About Zhibo Liu's Dissertation and His Sharing
Biography:
Zhibo Liu's research is centered on basic research on binary-level software security analysis and reverse engineering technology. With reverse engineering technology as the core driver, he is particularly invested in developing and enhancing software security analysis techniques. His work has been recognized by academia and industry, receiving the ACM SIGSOFT Distinguished Paper Award and presenting his work at the Black Hat USA conference.
Overview of his research:
Software reverse engineering techniques, as one of the paramount cornerstones of cyber security, have been studied and developed for decades. However, some challenging problems are still fundamentally hard to solve. Zhibo's thesis aims to provide an up-to-date understanding of state-of-the-art reverse engineering tools that are indispensable in many security-related scenarios, including modern C decompilers and binary lifters, and shed light on further academic research and industrial development. Besides, with the rise of new deep-learning compilation technology, this thesis, for the first time, explores migrating traditional reverse engineering techniques to the emerging field of compiled DNN executables. Specifically, this thesis proposes the first decompilation work against DNN executables, pioneered software security analysis in the DNN executables field.
Breakthroughs of research:
His thesis provides a comprehensive understanding of state-of-the-art reverse engineering tools, including modern C decompilers and binary lifters. Besides, with extensive testing and assessing and considerable manual efforts, this thesis provides deep insights into the challenges and limitations of modern C decompilers and binary lifters. These results can be used to guide the following research work and practical industrial applications of reverse engineering tools.

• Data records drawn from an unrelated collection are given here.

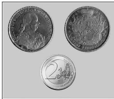
Abb. 90: Ein Gulden aus der Landgrafschaft Hessen (=Hessen-Darmstadt) aus dem Jahre 1771 (zum Größenvergleich: ein Zwei-Euro-Stück). Die Aufschriften lauten: LUDOVICUS IX D:G (=DEI GRATIA) LANDGRAVIUS HASS. (=HASSIAE) und: 1771 - XX EINE FEINE MARK. (Historisches Museum Frankfurt a.M.)

'Gulden' war im 18. Jahrhundert in Deutschland sowohl Münze wie Rechnungseinheit und bedeutete eine Münze mit einem Silberanteil von ca. 13 Gramm (Raugewicht ca. 15 Gramm), nämlich 20 Stück aus der feinen Mark, die im 18. Jahrhundert einem Silbergewicht von ca. 260 Gramm entsprach. Auch halbe oder Zwei-Drittel-Taler mit diesem Gewicht wurden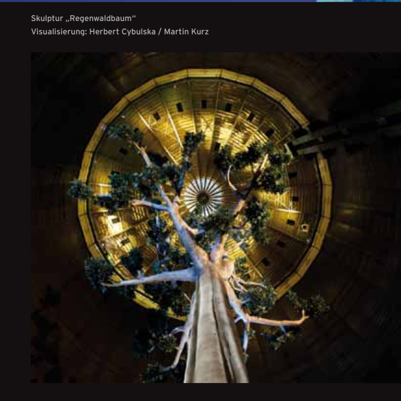
Skulptur „Regenwaldbaum“ Visualisierung: Herbert Cybulski / Martin Kurz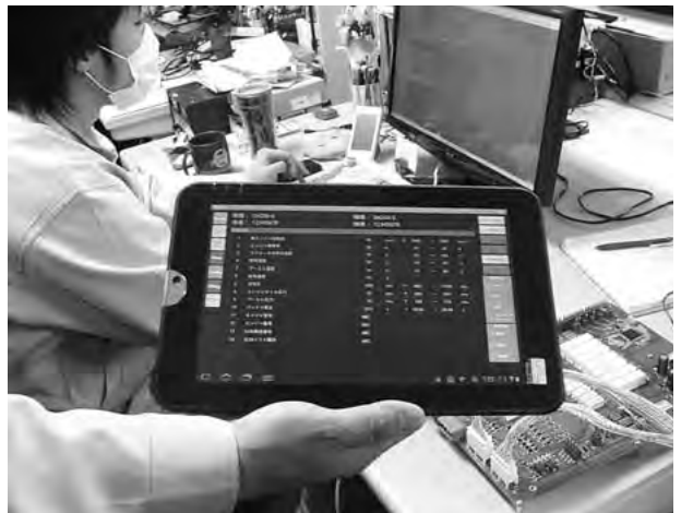
アンドロイドタブレット用アプリケーション

世の中の最先端技術ばかりを使用することが全てのお客様に喜ばれることではないと思っています。最先端の技術を導入してもお客様のニーズに合わなければ商品として意味はありません。常にお客様に喜ばれる製品を企画し、使いやすく、安全で、楽しめる製品を世の中のトレンドを見ながら開発していきたいと考えています。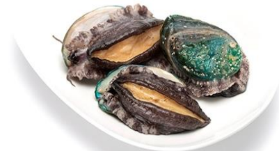
紀州アワビ紀和味(養殖)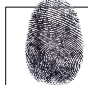
Huella índice derecho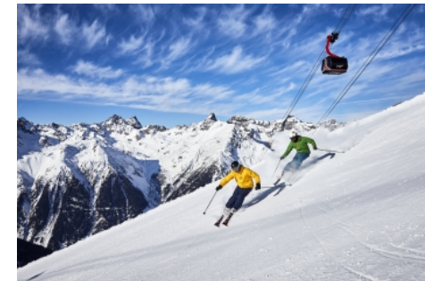
📷 Ischgl verschiebt den Winterstart 2020/21

Moreover, this thesis proposes the first decompiler for compiled DNN executables, enabling extraction of function DNN models from low-level binary coed that shows identical behaviors as the original models. As a seed work in the field of security software analysis of compiled DNN executables, his work will inspire a series of subsequent attacks and defenses and promote the progress of security research in the field.
Thanks to the department and supervisor:
Zhibo would like to express his gratitude to Prof. Shuai Wang and the members of the Cybersecurity lab.
"I would like to thank Prof. Shuai Wang for his dedicated guidance. He is not only a creative researcher but also an excellent educator. He inspired my research enthusiasm and academic pursuit of binary analyses and reverse engineering. The CSE department provides an excellent research atmosphere, and many academic lectures have broadened my research vision and helped me a lot in my research. I would also like to thank all the members of the Cybersecurity lab, with whom I have had very enlightening and inspiring discussions."
Recent work and feeling:
"I am very grateful to receive the honorable mention of the best dissertation award, which is a recognition of all my hard work and persistence during my PhD study. Also, I would like to thank my supervisor and friends for their support and help, without which I could not have achieved this achievement. This award will motivate me to continue my in-depth research on binary security and make more contributions to the academic community."
Zhibo's recent work provides the first side channel analyses targeting deep learning compilation techniques. He demonstrates the first cache side-channel attack against compiled DNN executables. This work poses a severe security threat to deep learning services deployed on clouds and will alert the DNN compilation community further to promote the development of related side channel defense techniques.